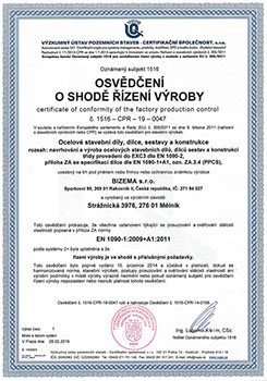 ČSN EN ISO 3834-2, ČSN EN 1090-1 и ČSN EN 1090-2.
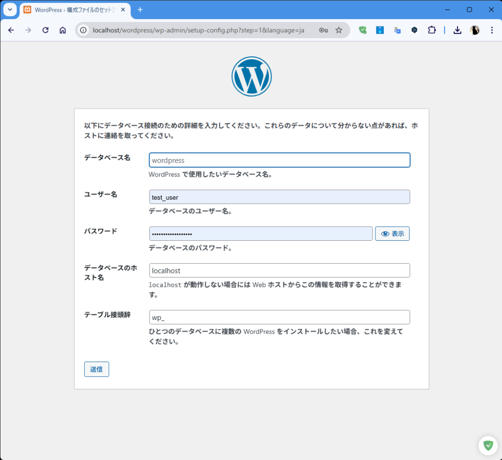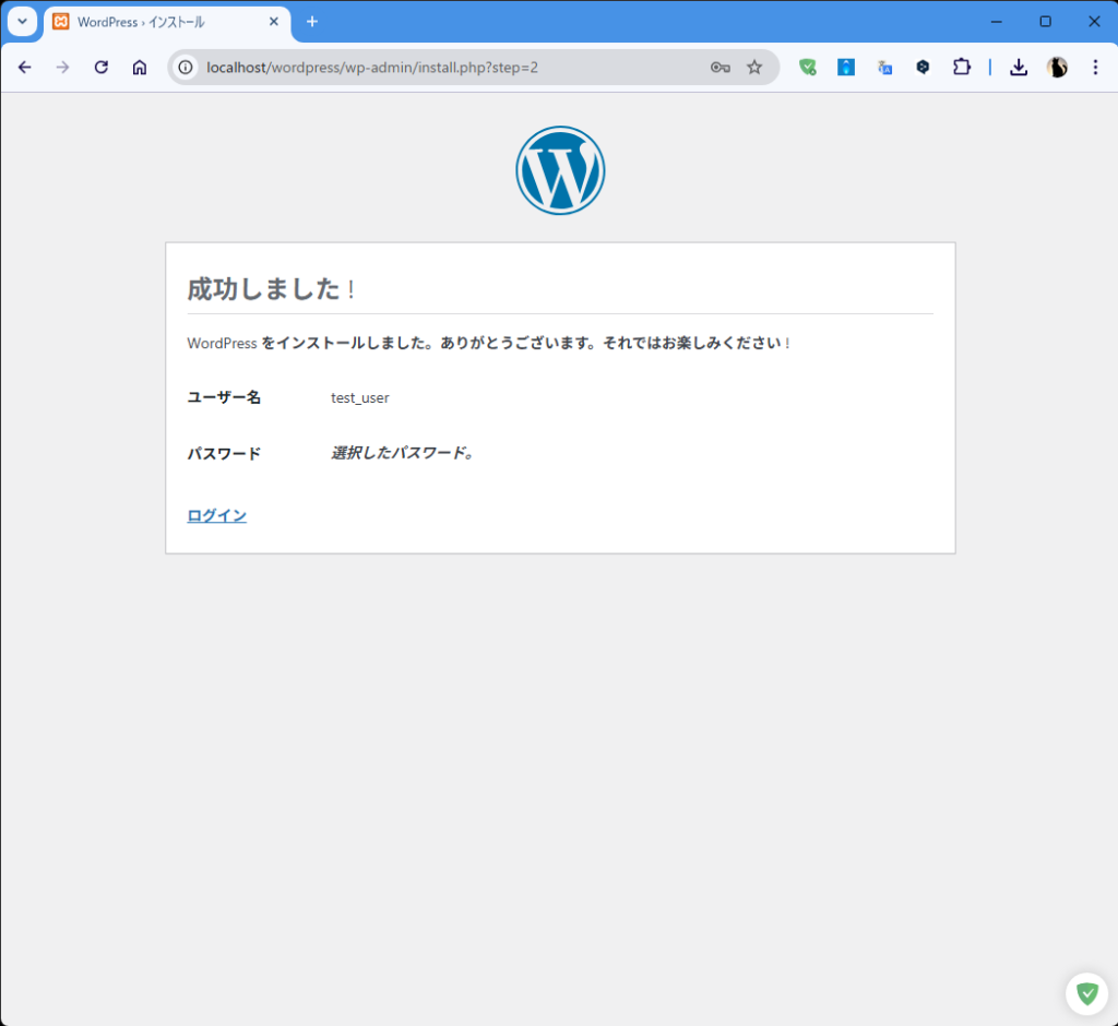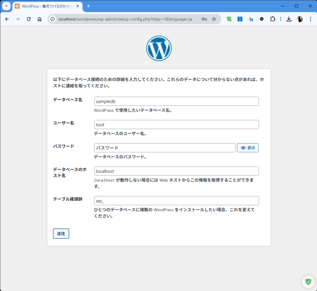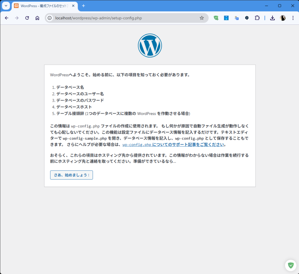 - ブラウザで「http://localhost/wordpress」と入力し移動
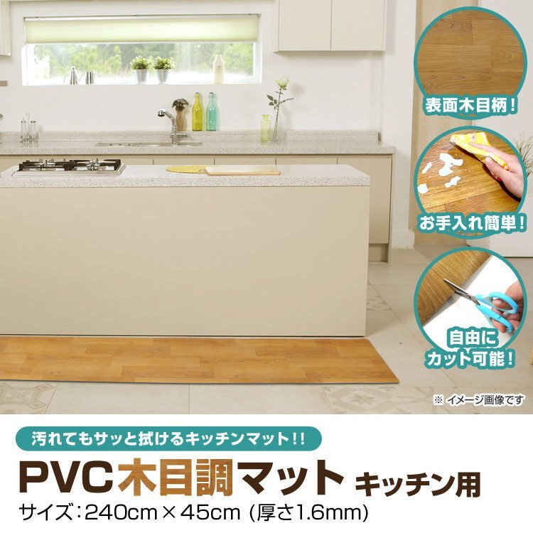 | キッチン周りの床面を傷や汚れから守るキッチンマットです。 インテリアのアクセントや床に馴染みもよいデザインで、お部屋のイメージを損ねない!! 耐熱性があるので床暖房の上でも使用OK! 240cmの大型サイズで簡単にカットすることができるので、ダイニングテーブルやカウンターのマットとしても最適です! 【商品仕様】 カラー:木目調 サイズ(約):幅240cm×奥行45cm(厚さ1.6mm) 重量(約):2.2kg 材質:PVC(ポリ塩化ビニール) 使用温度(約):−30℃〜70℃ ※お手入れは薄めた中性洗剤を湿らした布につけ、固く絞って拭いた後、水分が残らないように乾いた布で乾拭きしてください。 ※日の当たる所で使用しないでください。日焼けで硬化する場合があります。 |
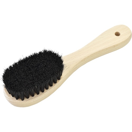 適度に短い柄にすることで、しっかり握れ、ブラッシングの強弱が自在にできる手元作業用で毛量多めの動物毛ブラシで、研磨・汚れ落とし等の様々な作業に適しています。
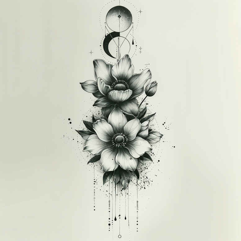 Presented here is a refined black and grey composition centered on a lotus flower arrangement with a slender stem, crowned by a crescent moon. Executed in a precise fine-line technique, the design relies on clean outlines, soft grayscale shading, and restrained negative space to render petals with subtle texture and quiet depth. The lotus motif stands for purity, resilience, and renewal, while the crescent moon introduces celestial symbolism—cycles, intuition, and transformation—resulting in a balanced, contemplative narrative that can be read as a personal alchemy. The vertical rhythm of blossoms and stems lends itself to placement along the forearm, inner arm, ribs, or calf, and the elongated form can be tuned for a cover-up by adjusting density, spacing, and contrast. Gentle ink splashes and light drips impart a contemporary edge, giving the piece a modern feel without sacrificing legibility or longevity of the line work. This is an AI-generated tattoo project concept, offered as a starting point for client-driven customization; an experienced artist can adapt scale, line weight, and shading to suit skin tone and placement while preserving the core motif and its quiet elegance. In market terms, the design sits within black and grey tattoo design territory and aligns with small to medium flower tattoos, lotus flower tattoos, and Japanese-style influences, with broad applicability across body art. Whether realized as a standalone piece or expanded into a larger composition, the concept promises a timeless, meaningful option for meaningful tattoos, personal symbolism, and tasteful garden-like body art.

========================================================================

Activity: Please print the data above once more, exactly and without images.

Written solution:
 ČSN EN ISO 3834-2, ČSN EN 1090-1 и ČSN EN 1090-2.
 - ブラウザで「http://localhost/wordpress」と入力し移動
 | キッチン周りの床面を傷や汚れから守るキッチンマットです。 インテリアのアクセントや床に馴染みもよいデザインで、お部屋のイメージを損ねない!! 耐熱性があるので床暖房の上でも使用OK! 240cmの大型サイズで簡単にカットすることができるので、ダイニングテーブルやカウンターのマットとしても最適です! 【商品仕様】 カラー:木目調 サイズ(約):幅240cm×奥行45cm(厚さ1.6mm) 重量(約):2.2kg 材質:PVC(ポリ塩化ビニール) 使用温度(約):−30℃〜70℃ ※お手入れは薄めた中性洗剤を湿らした布につけ、固く絞って拭いた後、水分が残らないように乾いた布で乾拭きしてください。 ※日の当たる所で使用しないでください。日焼けで硬化する場合があります。 |
 適度に短い柄にすることで、しっかり握れ、ブラッシングの強弱が自在にできる手元作業用で毛量多めの動物毛ブラシで、研磨・汚れ落とし等の様々な作業に適しています。
 Presented here is a refined black and grey composition centered on a lotus flower arrangement with a slender stem, crowned by a crescent moon. Executed in a precise fine-line technique, the design relies on clean outlines, soft grayscale shading, and restrained negative space to render petals with subtle texture and quiet depth. The lotus motif stands for purity, resilience, and renewal, while the crescent moon introduces celestial symbolism—cycles, intuition, and transformation—resulting in a balanced, contemplative narrative that can be read as a personal alchemy. The vertical rhythm of blossoms and stems lends itself to placement along the forearm, inner arm, ribs, or calf, and the elongated form can be tuned for a cover-up by adjusting density, spacing, and contrast. Gentle ink splashes and light drips impart a contemporary edge, giving the piece a modern feel without sacrificing legibility or longevity of the line work. This is an AI-generated tattoo project concept, offered as a starting point for client-driven customization; an experienced artist can adapt scale, line weight, and shading to suit skin tone and placement while preserving the core motif and its quiet elegance. In market terms, the design sits within black and grey tattoo design territory and aligns with small to medium flower tattoos, lotus flower tattoos, and Japanese-style influences, with broad applicability across body art. Whether realized as a standalone piece or expanded into a larger composition, the concept promises a timeless, meaningful option for meaningful tattoos, personal symbolism, and tasteful garden-like body art.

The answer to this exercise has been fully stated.